The strength of a company’s brand is way more important than any other the factor – ahead of leadership and tech innovation – according to City investment analysts but there is still work to be done to educate them on the role of marketing spend in maintaining a price premium.
This is according to new research by IPA/Brand Finance and an analysis by Ian Whittaker, a former City analyst and founder and managing director of Liberty Sky Advisors, to be unveiled at the IPA EffWorks Global 2023 Conference later today (October 10).
The survey was completed by over 200 financial analysts who cover publicly listed companies in the UK and US and quizzed them on how they appraise and analyse the companies they cover. It reveals that, while leadership (76%) and innovation (72%) are crucial, it is the strength of the brand (79%) which overrides everything.
Further findings reveal that more analysts perceive advertising as an investment (37%) than a cost (24%), although more (38%) still state it is a mixture of both.
Building on this, according to the findings, the analysts who examine advertising and promotions are significantly more likely to believe marketing is an investment and that it drives organic growth.
Even so, despite the positive perception in some areas, the results show a seeming lack of understanding of marketing in other areas.
For example, marketing was seen as contributing most to “profit margins” (77%) and “sales volume” (71%) – but less in areas such as “sales price” ie premium generated (54%) and “share price” (44%).
This is contrary to current evidence that Ian Whittaker has analysed from some major global brands, which shows how strong brands managed to retain volume share despite price increases.
In addition, when asked for their reactions if one of the companies they analysed announced a marketing spend cut, only 36% of analysts felt it was a ‘short-term fix with long-term negative consequences’ compared to over half (52%) who said they saw it as a ‘positive cost-saving measure’.
When asked whether they thought marketing spend should be treated like technology R&D, where it is capitalised, nearly 90% of analysts said they believe marketing spend should be placed in capital expenditure either all (56%), or part of the time (33%).

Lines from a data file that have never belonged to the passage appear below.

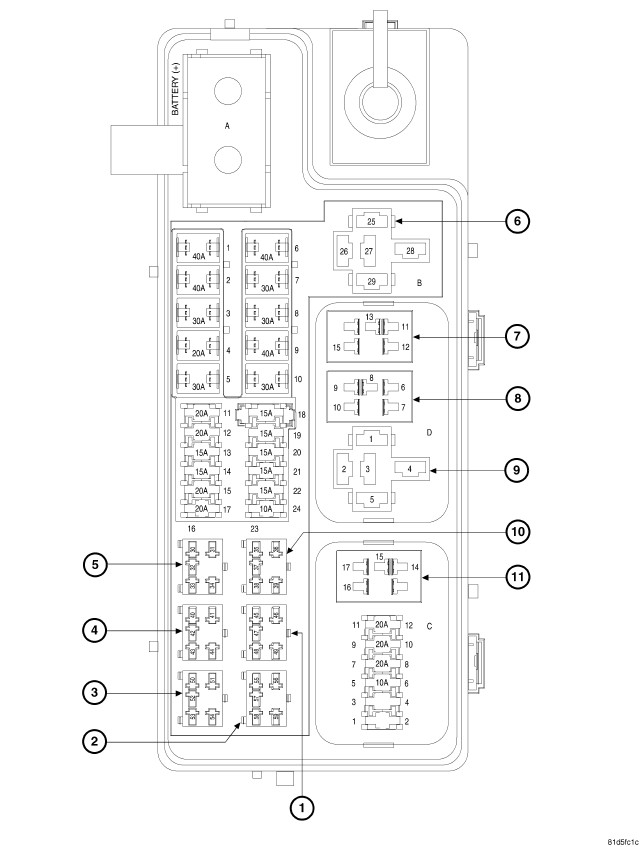 A mini-power distribution center is located in the engine compartment on the passenger's side of the vehicle. This center contains radiator fan control relays and has two externally-mounted 40 Amp fuses for the radiator fans.
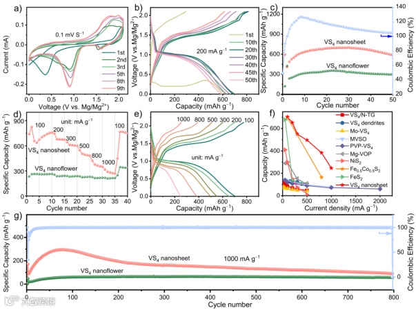 所合成的VS4正极材料表现出显著优异的电化学储镁性能,其在200mA g-1的电流密度下的储镁容量为701 mAh g-1,在1.0 A/g电流密度下也表现出超过600个循环的长期工作稳定性,每个循环的容量衰减仅为0.3 %。
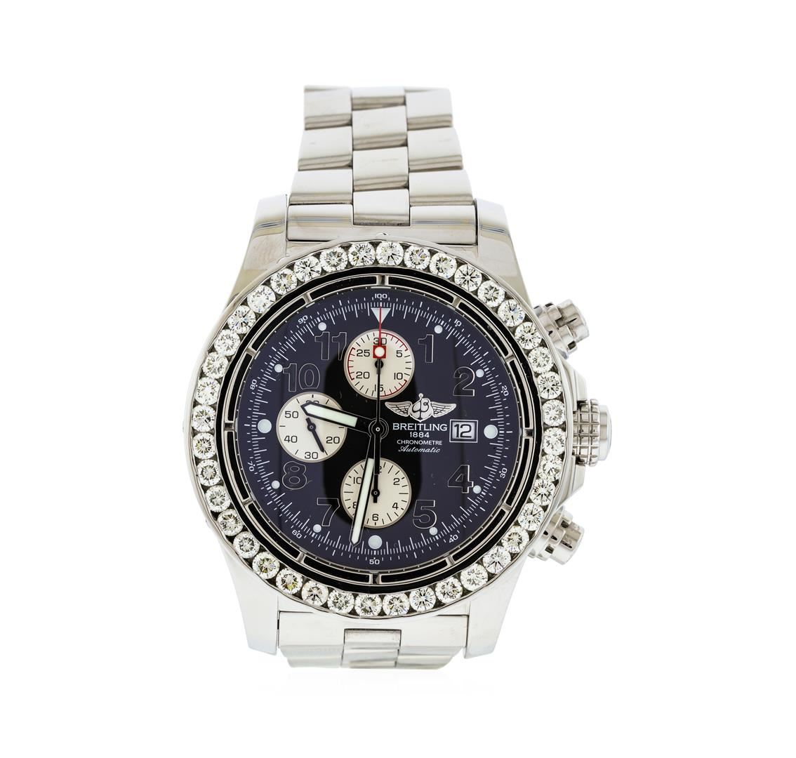 One gents, Breitling Super Avenger wristwatch electronically tested Stainless Steel, Case: 49mm diameter, Case Back: engraved with the manufacturers name and logo in high relief, also engraved with additional information, and ID numbers, Water Resistant: 300 Meters / 1000 Feet. Crown: scalloped; Breitling logo engraved in high relief, set within protective shoulders and the chronograph pushers, Custom Fixed Bezel: diamond set, Crystal: glare resistant synthetic sapphire, Movement: Breitling 13, ETA Valjoux 7750, Swiss Automatic Certifie Chronometre with a 42 hour power reserve. Case Ring: Stopwatch scale, Breitling signed Dial: Black color, with luminous baton pointed hands & indices, Date Window: three o'clock position, Chronograph Functions: three sub dials for; continuous seconds, 30 minutes, & 12 hour totalizers. Breitling Bracelet: Stainless Steel Professional II links; eight and one half inch length, adjustable. Condition: G-6 Extra Fine. Bright polish finish. Containing: Forty burnish set round brilliant cut diamonds, measuring 3.50 - 3.30mm (depth est.) approximate total weight = 6.00ct. Clarity VVS-2 to VS-1 Average Color H - J. Total Weight of Diamonds 6.00ct. Total Weight of Wristwatch 259.22gm. AIG Appraised at $23,000.00.
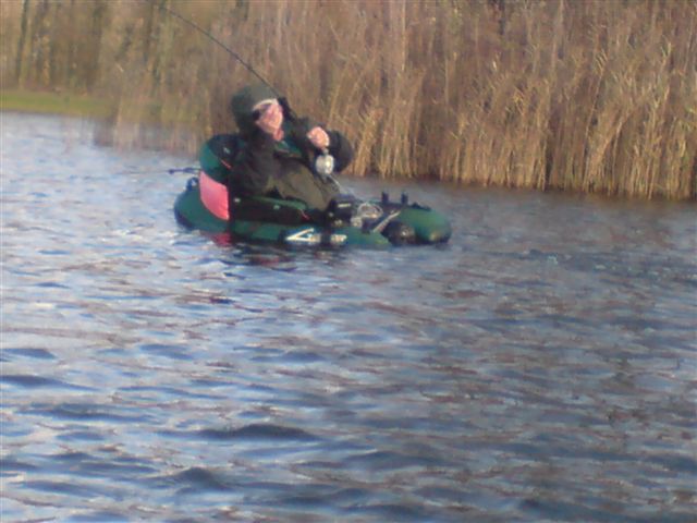 Dus het door Jan aangeboden kopje koffie zo heet mogelijk genuttigd, Belly-boat opgeblazen, de hengel opgetuigd en snel naar de vijver. Hier zie ik dat ik niet de enige ben die snel aan de slag wil, Charlie heeft inmiddels het ruime sop al gekozen.

Two thirds of analysts (67%) also want to see changes to how intangible assets as a whole are reported on and accounted for.

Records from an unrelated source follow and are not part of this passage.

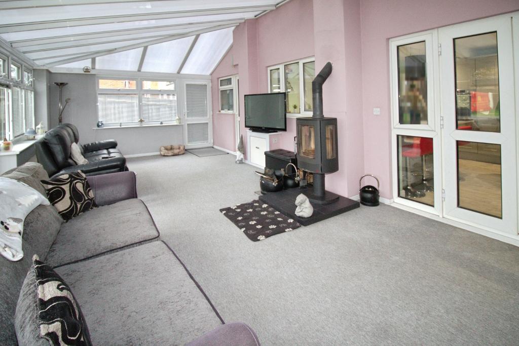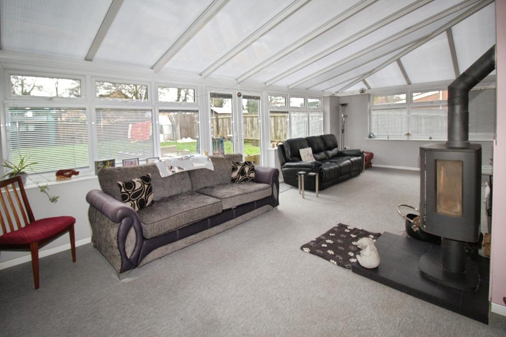 The elegant entrance hall, with its stylish wood flooring, provides an impressive first impression and leads into the heart of the home. Two generous reception rooms present both versatility and comfort the front room, with plush carpeting and large windows complete with fitted blinds, is perfect for relaxing evenings. At the rear, the second reception room enjoys open views and direct access to the expansive, sun-drenched south-facing garden. A multi-fuel burner set here sets the tone for cosy nights in.
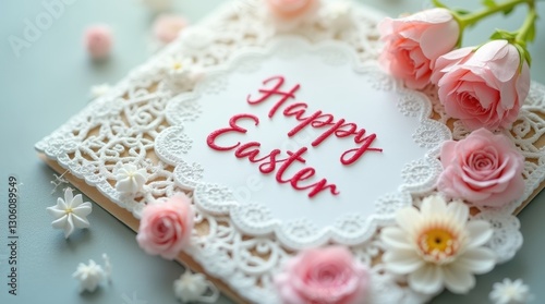 Close-up of a Happy Easter card with intricate lace details and floral patterns
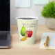 Yummy! These cool paper cups feature an original digital painting by Leslie Sigal Javorek that's retro-stylized, with a trio of fruit "stickers" set against an egg-shell colored vinyl tablecloth and the caption, "All Life's a Picnic to be Enjoyed!"
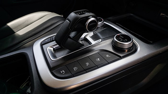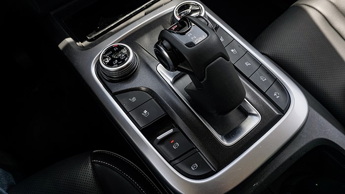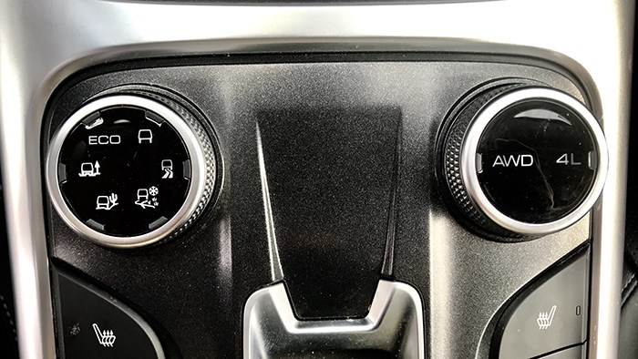 換擋機構為飛機操作桿的樣式,造型很有科技感。兩側則是一些常用的功能鍵選擇,包括越野時常用的功能都可以一鍵開啟或關閉。
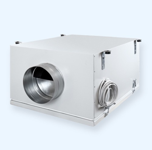Приточная установка оснащена фильтром класса G4, электрическим нагревателем и вентилятором. Установка оборудована электронно-коммутируемым ЕС двигателем. Защита двигателя вентилятора осуществляется встроенными термоконтактами. Трехфазные электрические нагреватели оснащены двухступенчатой защитой от перегрева. Первая ступень настроена на +60°С и перезапускается автоматически, вторая ступень настроена на +110°С и перезапускается вручную.
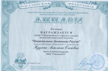 Дипломом II степени награждается призер VI Всероссийского открытого конкурса достижений талантливой молодежи "Национальное Достояние России" ученица 10 б класса Кузина Ангелина.
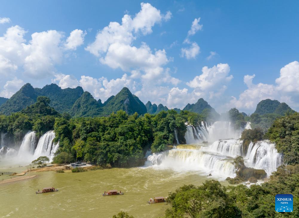 An aerial drone photo taken on Oct. 18, 2025 shows tourists taking a bamboo raft tour at Detian Waterfalls scenic area in Daxin County of Chongzuo City, south China's Guangxi Zhuang Autonomous Region. People are heading outdoors to enjoy the pleasant autumn days across China. (Photo by Liao Zuping/Xinhua)
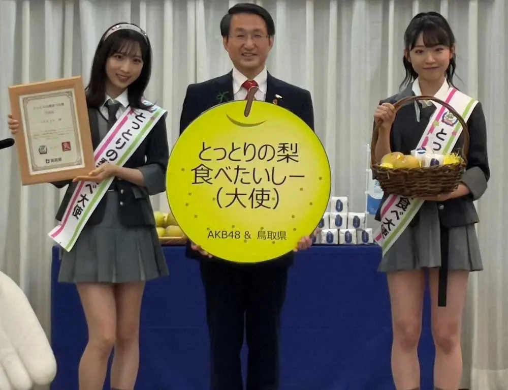 平井鳥取県知事(中央)と梨をPRするAKB48小栗有以(左)と山内瑞葵
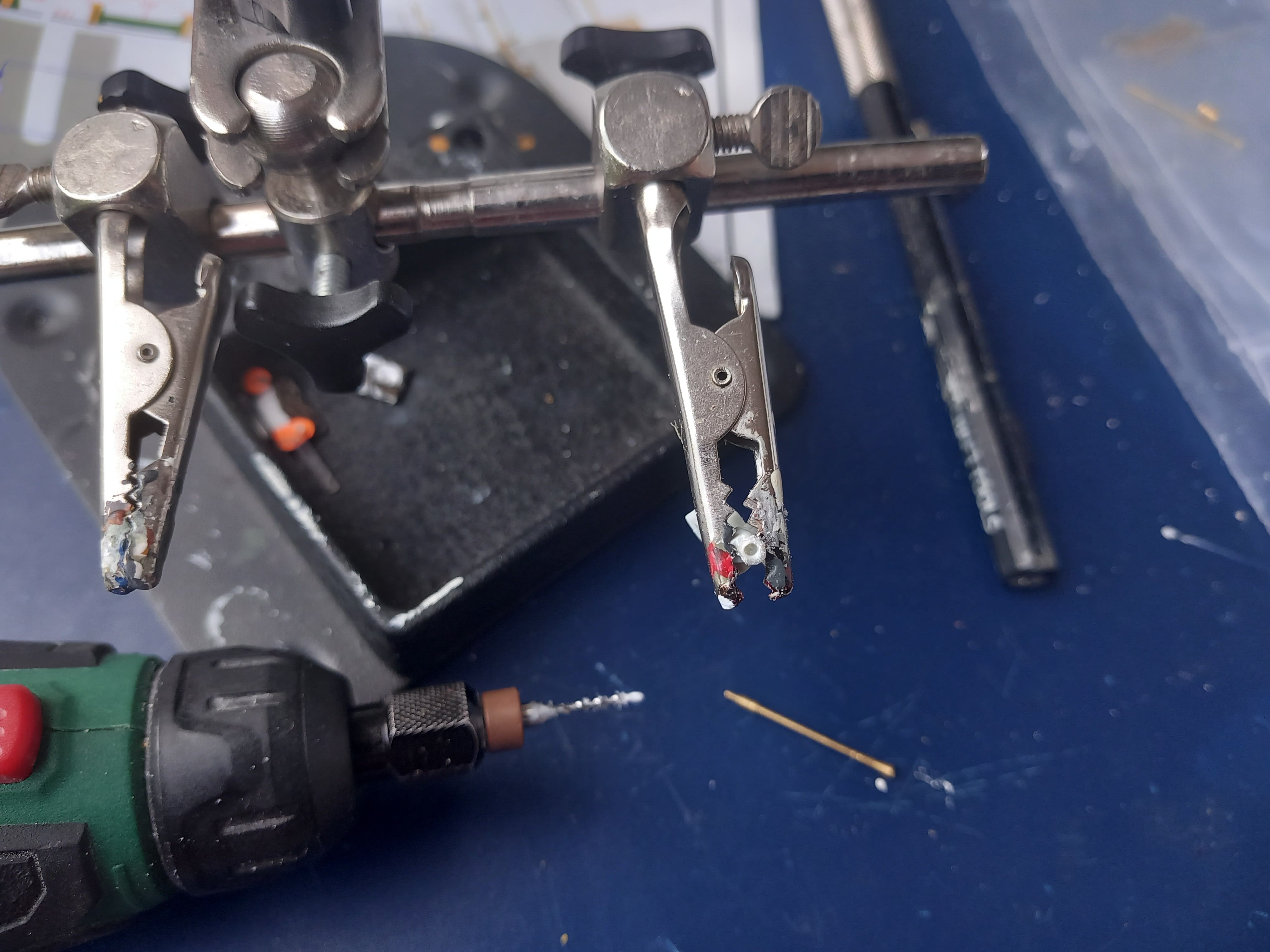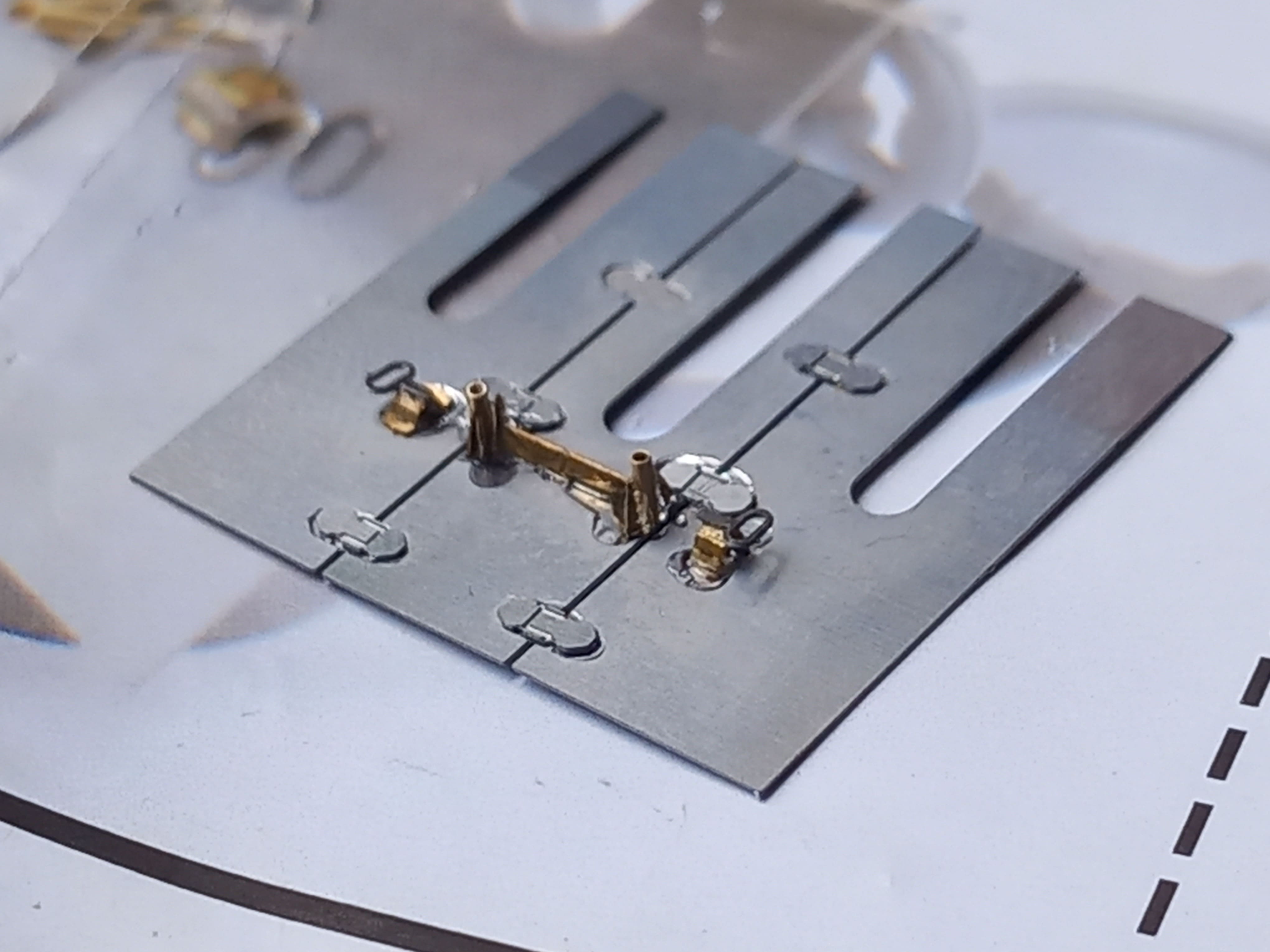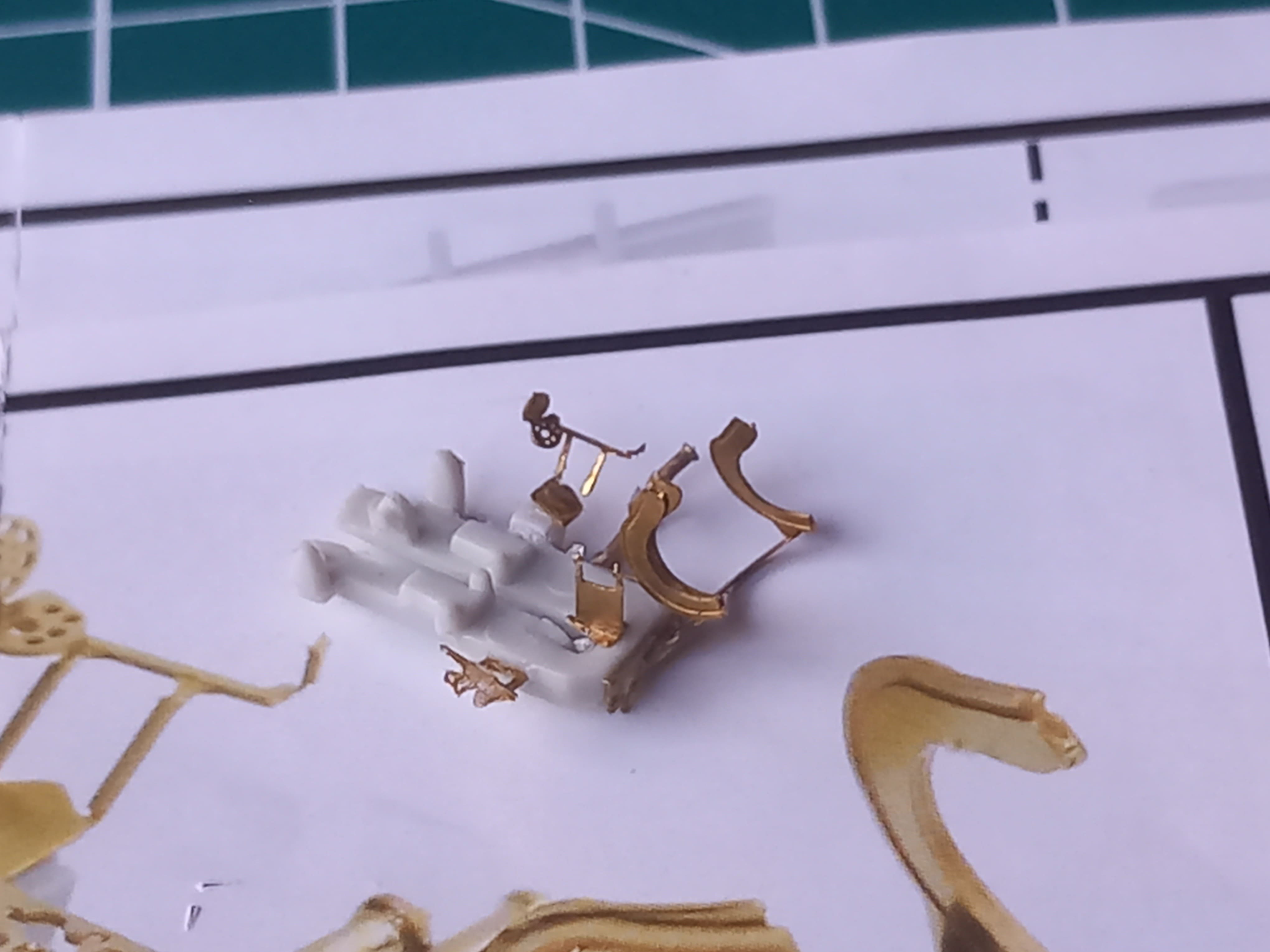 Ganz übel. Aber ich habe es so einigermassen hinbekommen. Auch das Ausrichten der beiden Zieleinrichtungen für die Kanoniere zwischen den Schlitzen der Schürze ist alles andere als einfach. Eindeutig der schwierigste Punkt bisher.

Those who stated they think it should be capitalised at least some of the time believe it would improve their ability to value the company and give them better understanding of future growth potential.

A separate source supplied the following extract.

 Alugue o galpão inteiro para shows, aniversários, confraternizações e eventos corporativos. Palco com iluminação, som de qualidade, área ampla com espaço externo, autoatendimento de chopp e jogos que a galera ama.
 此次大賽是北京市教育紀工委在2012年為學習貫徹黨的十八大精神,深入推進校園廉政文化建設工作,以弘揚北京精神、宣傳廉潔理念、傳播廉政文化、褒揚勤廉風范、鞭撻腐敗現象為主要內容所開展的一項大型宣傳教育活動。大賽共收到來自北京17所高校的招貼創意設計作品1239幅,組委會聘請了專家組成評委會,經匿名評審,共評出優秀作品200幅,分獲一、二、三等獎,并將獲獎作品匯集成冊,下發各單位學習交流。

Further to his analysis of the findings, among Whittaker’s conclusions and recommendations are that marketers need to make the argument that marketing is more an investment, than a cost.
He also believes that the marketing industry needs to educate analysts on the link between marketing and price premium and other value levers, particularly long term.
The investment community is now looking for more information on marketing spend. This engagement improves perception of that spend and brand owners should be encouraged to disclose this.
Crucially, the last 18 months has given a real-life, unplanned experiment, showing how brand strength has proved crucial to both growing firms’ top-line and protecting their earnings.
IPA director of effectiveness Laurence Green said: “This survey provides welcome news that investors are placing increasing interest and importance on investment in brands.
“To facilitate this and to improve understanding, it is incumbent on brand owners to provide the relevant data and evidence to investors, and to engage with them using their language in order to make the most compelling case for marketing as a long-term investment.”
Brand Finance general manager Annie Brown added: “When companies spend money to change the way people see their brand, they are not doing it for a one-off result. They do it to build up the long-term value of their brand asset.
“Therefore, advertising spend should, in most cases, be considered an investment for future growth, not just a cost for delivering immediate business.”